(Exercise data Opens)
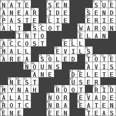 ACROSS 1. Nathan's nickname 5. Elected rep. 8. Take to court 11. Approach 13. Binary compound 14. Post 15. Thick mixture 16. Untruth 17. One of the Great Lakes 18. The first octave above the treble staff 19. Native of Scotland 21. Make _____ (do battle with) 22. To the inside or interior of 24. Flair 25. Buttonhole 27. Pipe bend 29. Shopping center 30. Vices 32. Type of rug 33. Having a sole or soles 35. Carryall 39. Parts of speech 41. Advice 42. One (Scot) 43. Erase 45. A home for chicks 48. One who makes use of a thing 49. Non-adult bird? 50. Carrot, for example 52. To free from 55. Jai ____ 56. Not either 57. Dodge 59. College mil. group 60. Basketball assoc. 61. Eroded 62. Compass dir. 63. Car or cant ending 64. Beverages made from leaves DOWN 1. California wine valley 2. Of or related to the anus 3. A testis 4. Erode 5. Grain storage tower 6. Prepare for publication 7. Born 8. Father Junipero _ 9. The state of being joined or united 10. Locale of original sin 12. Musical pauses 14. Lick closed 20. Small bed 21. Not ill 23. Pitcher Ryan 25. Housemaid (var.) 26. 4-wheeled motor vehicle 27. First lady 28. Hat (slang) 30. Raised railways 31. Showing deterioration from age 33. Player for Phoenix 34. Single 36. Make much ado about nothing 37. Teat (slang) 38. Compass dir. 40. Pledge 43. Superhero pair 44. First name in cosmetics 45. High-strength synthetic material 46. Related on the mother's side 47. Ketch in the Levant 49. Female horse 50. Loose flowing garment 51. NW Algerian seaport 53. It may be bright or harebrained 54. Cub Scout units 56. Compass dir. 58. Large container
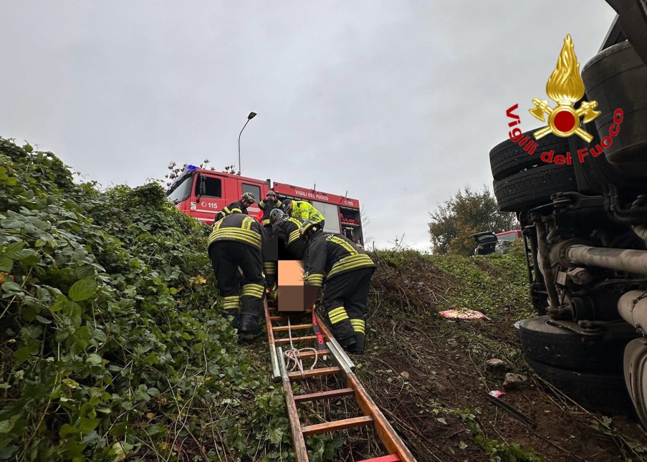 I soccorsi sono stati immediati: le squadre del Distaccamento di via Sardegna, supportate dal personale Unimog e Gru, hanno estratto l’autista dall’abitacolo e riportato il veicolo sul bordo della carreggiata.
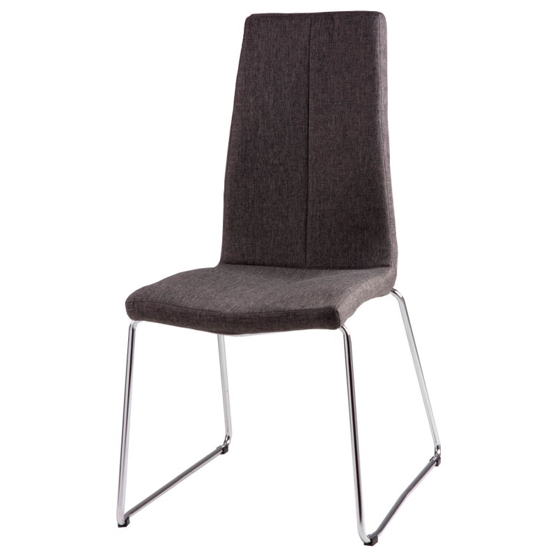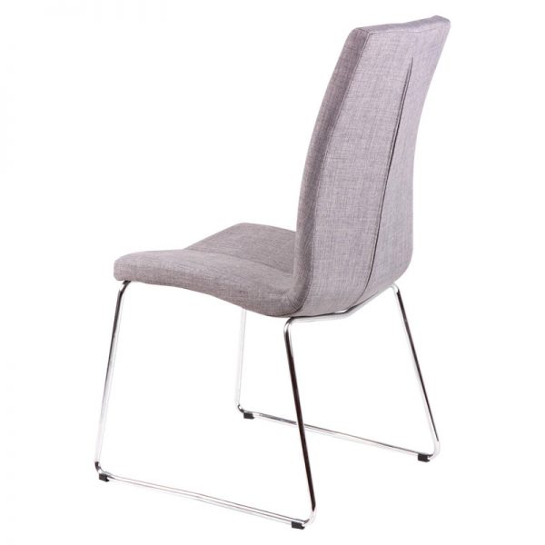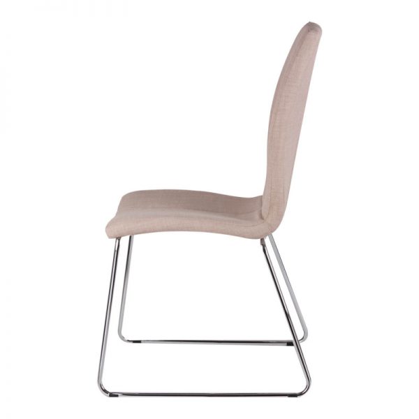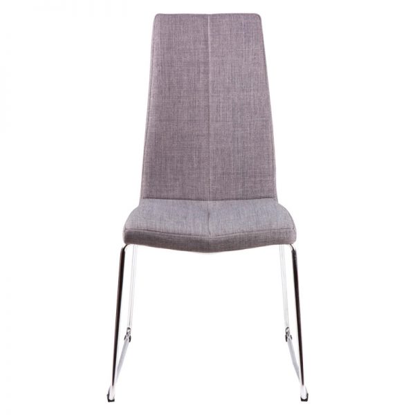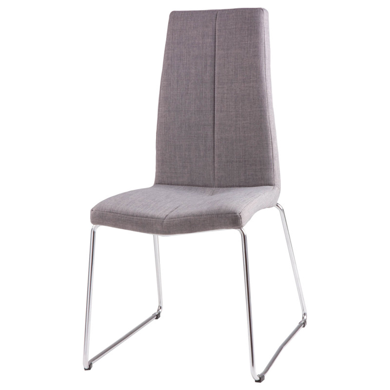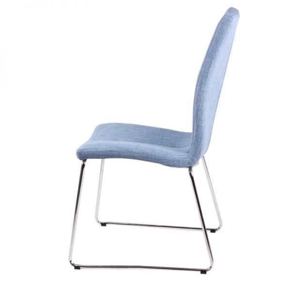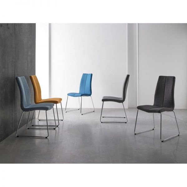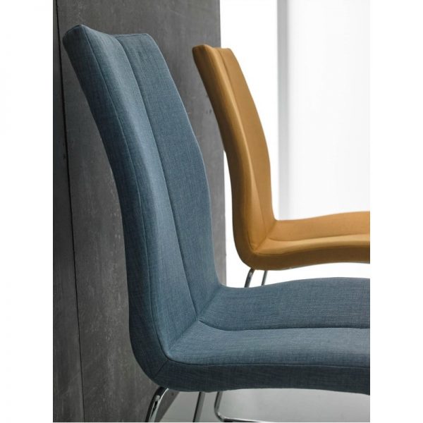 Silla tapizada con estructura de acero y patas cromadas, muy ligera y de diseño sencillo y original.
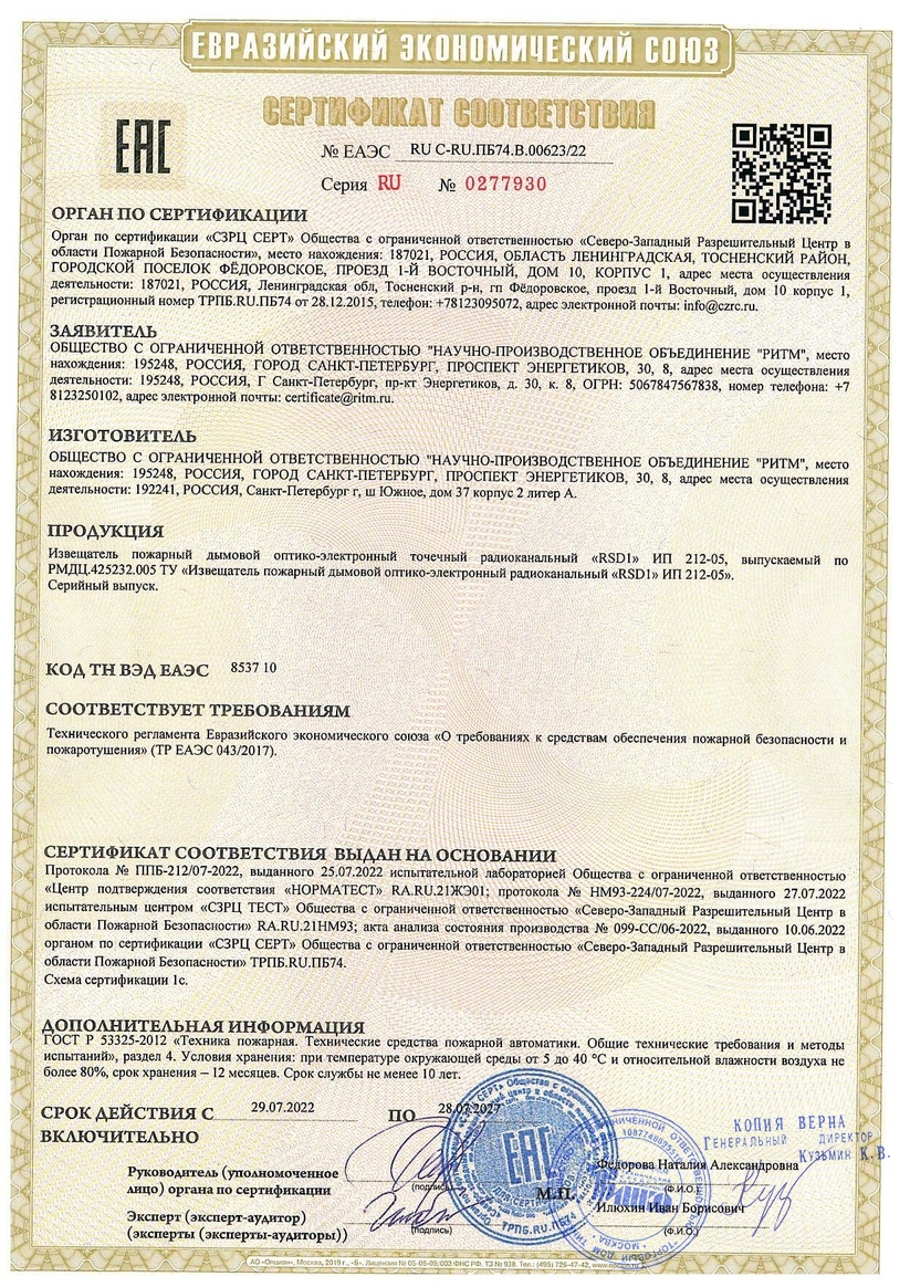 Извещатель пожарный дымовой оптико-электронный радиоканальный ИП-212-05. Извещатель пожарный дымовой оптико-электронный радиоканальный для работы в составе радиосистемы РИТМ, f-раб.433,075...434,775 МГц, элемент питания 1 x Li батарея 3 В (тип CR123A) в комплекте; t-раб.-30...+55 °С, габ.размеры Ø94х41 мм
(Exercise data Closes)
(Exercise data Opens)
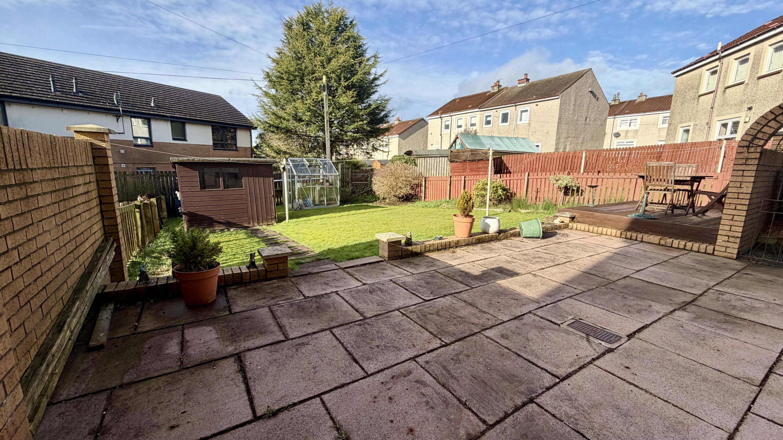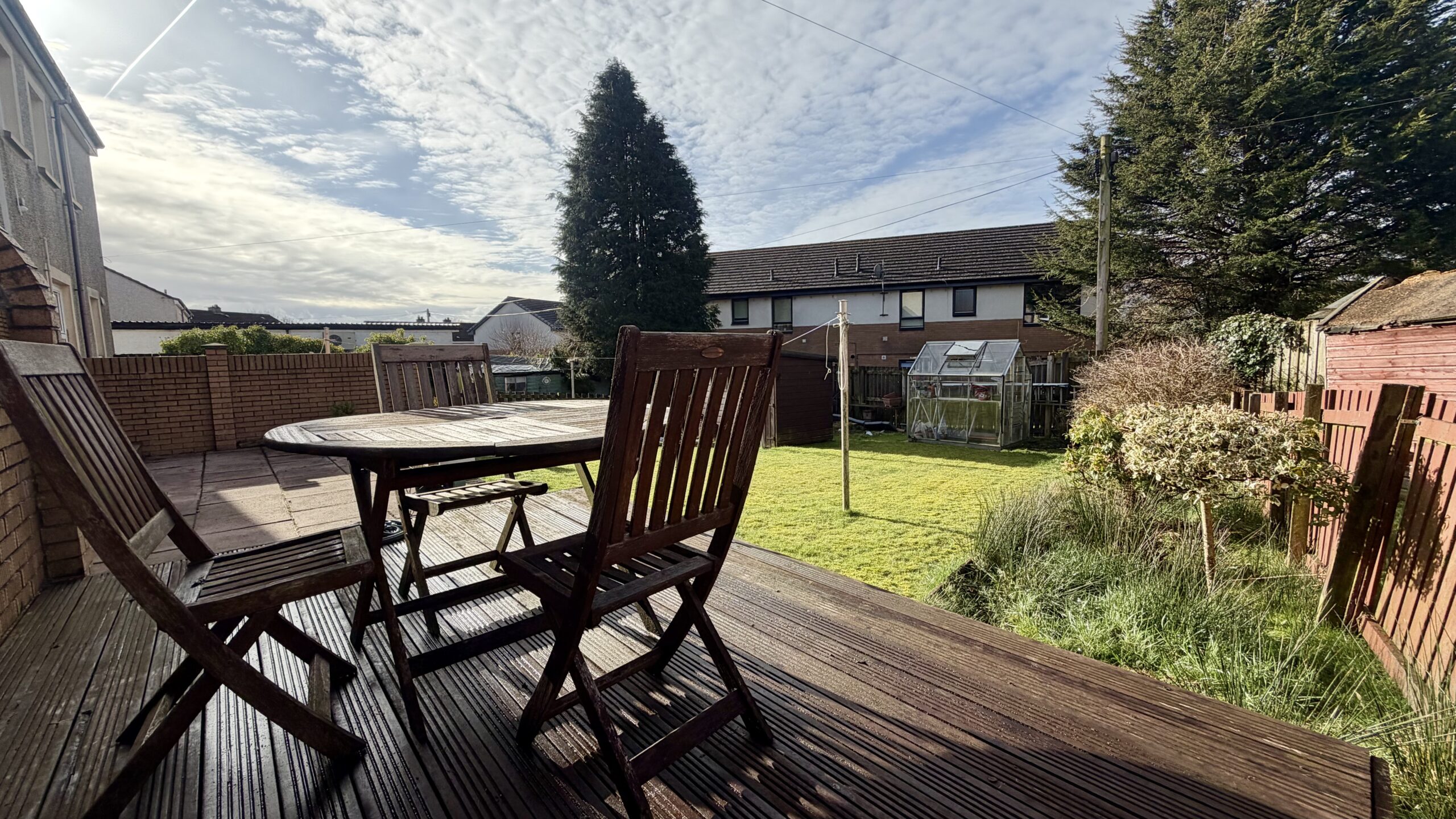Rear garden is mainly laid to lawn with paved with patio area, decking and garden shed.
(Exercise data Closes)
Your task:
Within the listing above, the stretch from the line with "I soccorsi sono" down to the line with "габ.размеры Ø94х41 мм" is to be given again exactly, end lines included and pictures excluded.

Output of the task:
 I soccorsi sono stati immediati: le squadre del Distaccamento di via Sardegna, supportate dal personale Unimog e Gru, hanno estratto l’autista dall’abitacolo e riportato il veicolo sul bordo della carreggiata.
 Silla tapizada con estructura de acero y patas cromadas, muy ligera y de diseño sencillo y original.
 Извещатель пожарный дымовой оптико-электронный радиоканальный ИП-212-05. Извещатель пожарный дымовой оптико-электронный радиоканальный для работы в составе радиосистемы РИТМ, f-раб.433,075...434,775 МГц, элемент питания 1 x Li батарея 3 В (тип CR123A) в комплекте; t-раб.-30...+55 °С, габ.размеры Ø94х41 мм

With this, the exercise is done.